▶ Given records:
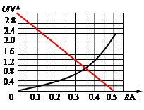 (3)当滑片滑到变阻器中点时,小灯泡可能获得的功率最小,此进滑动变阻器接入电路的等效电阻为5Ω,将此时变阻器看作电源内阻一部分,电源内阻将为6Ω,在图中画出电源U-I图象,如图所示,小灯泡此进的功率为
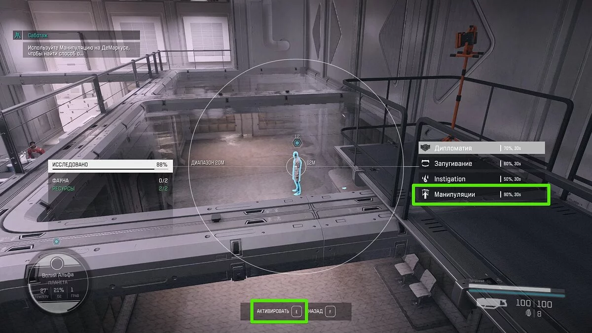 Для этого откройте сканер (кнопка «F») и направьте указатель на любого персонажа. Нажмите «E», чтобы открыть меню социальных навыков, затем прокрутите вниз и остановитесь на «Манипуляции».
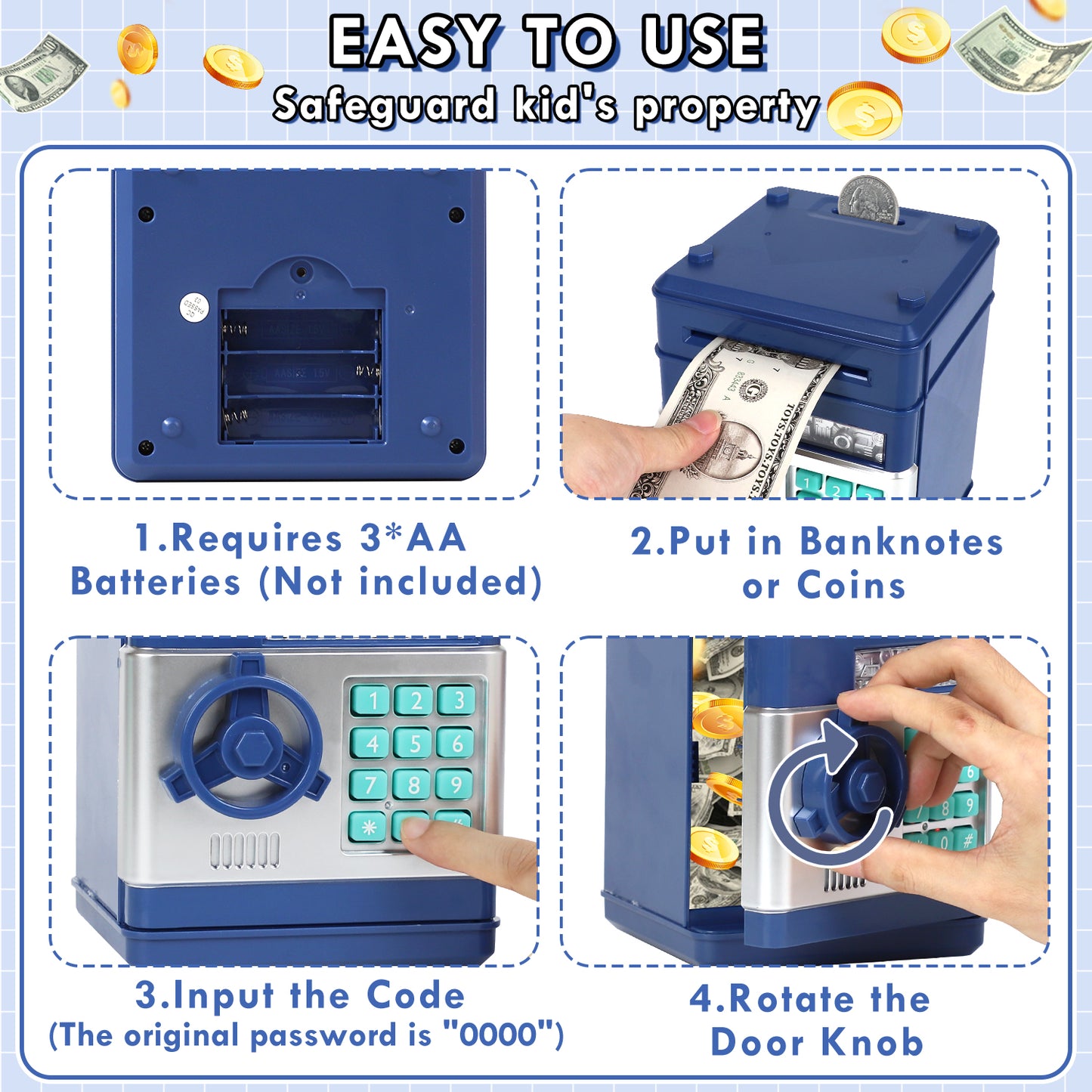 This piggy bank is made from environmental ABS plastic, ensuring it is safe, odorless, and highly durable. Designed specifically for children, it’s both interesting and sturdy, providing long-lasting use. (Requires 3 * 1.5V AA batteries, not included.)- 🔒 Secure Password Protection 🔒
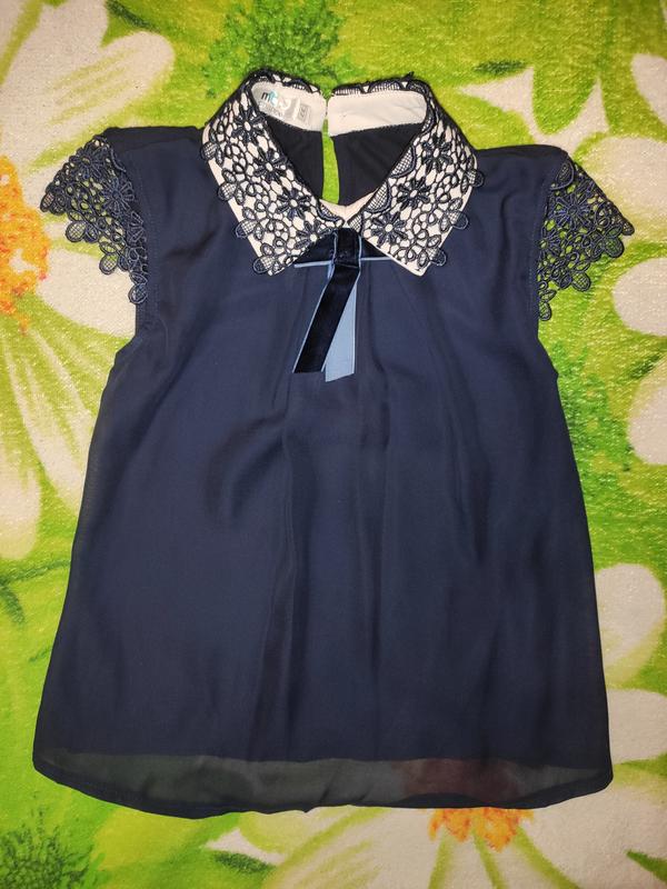 Нова блузка футболка для дівчинки темно синього кольору, розмір 32(122-134). ог-31см, довжина 44см,плечі 30см
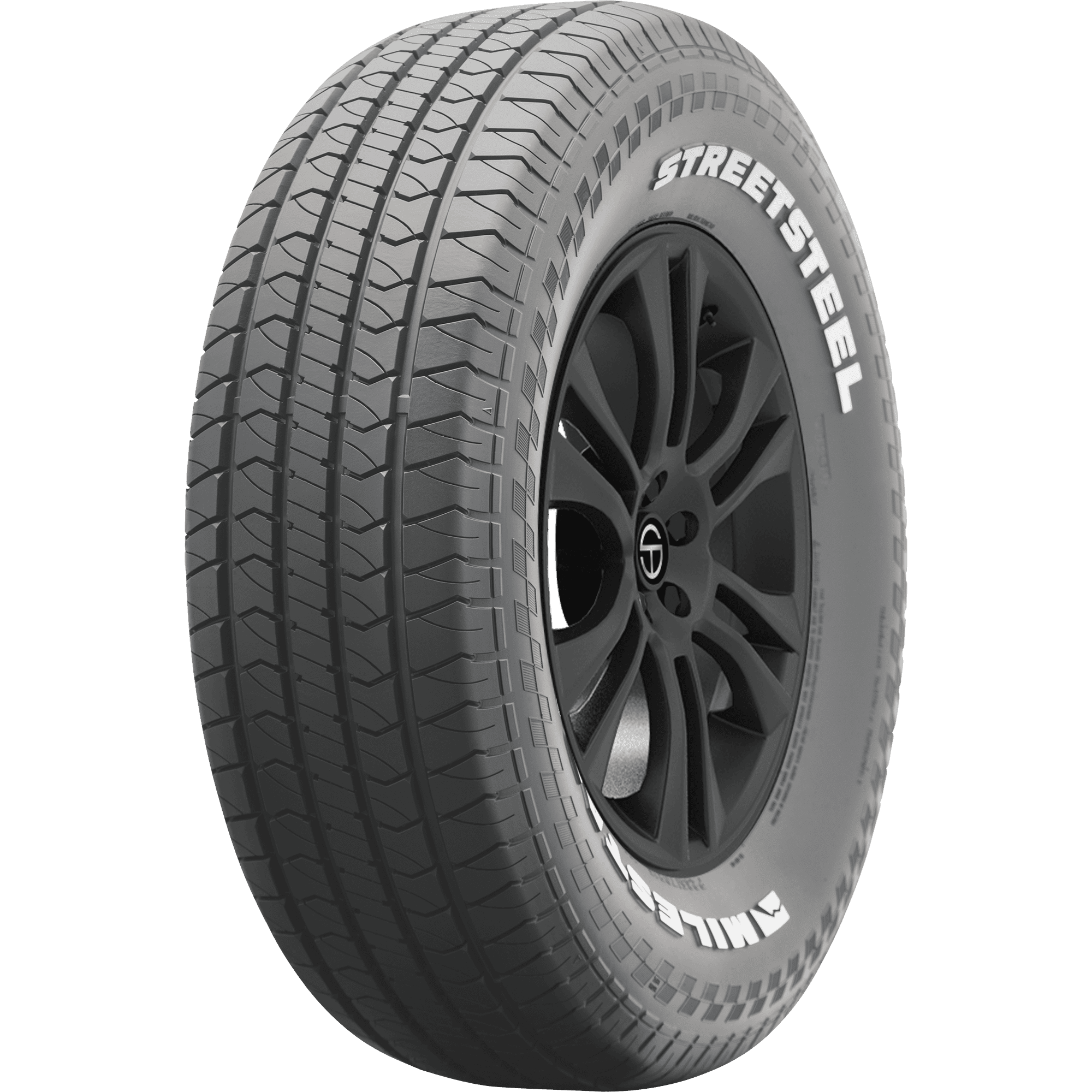 Features include: Classic sidewall design featuring a vintage checkered flag with solid white lettering; Tread is designed for strong year-round performance; Angled siping and notched center rib increases stability and provides excellent grip in all conditions; Classic raised white letter sidewall and a checkered flag design are sure to help your ride standout; Angled shoulder design improves cornering capabilities and steering stability; Backed by a 40,000 mile limited manufacturer tread life warranty; Circumferential grooves optimize water evacuation for enhanced wet traction; Angled siping pattern and four circumferential grooves provide a wide contact patch for superior grip and wet performance; Steel-belted construction for durability and performance; Shoulder block design improves cornering and stability; Designed for a variety of todays vehicles, including muscle car and classic truck application – P245/60R15 100T Milestar Streetsteel Passenger All Season Tires, part number 24377501 | Milestar Streetsteel All Season Tires in Raised White Lettering, P245/60R15 100T | SimpleTire

▶ Activity: Repeat the listing above exactly from its first line to the line containing "Нова блузка футболка", both included, and omit the pictures.

▶ Answer to the exercise:
 (3)当滑片滑到变阻器中点时,小灯泡可能获得的功率最小,此进滑动变阻器接入电路的等效电阻为5Ω,将此时变阻器看作电源内阻一部分,电源内阻将为6Ω,在图中画出电源U-I图象,如图所示,小灯泡此进的功率为
 Для этого откройте сканер (кнопка «F») и направьте указатель на любого персонажа. Нажмите «E», чтобы открыть меню социальных навыков, затем прокрутите вниз и остановитесь на «Манипуляции».
 This piggy bank is made from environmental ABS plastic, ensuring it is safe, odorless, and highly durable. Designed specifically for children, it’s both interesting and sturdy, providing long-lasting use. (Requires 3 * 1.5V AA batteries, not included.)- 🔒 Secure Password Protection 🔒
 Нова блузка футболка для дівчинки темно синього кольору, розмір 32(122-134). ог-31см, довжина 44см,плечі 30см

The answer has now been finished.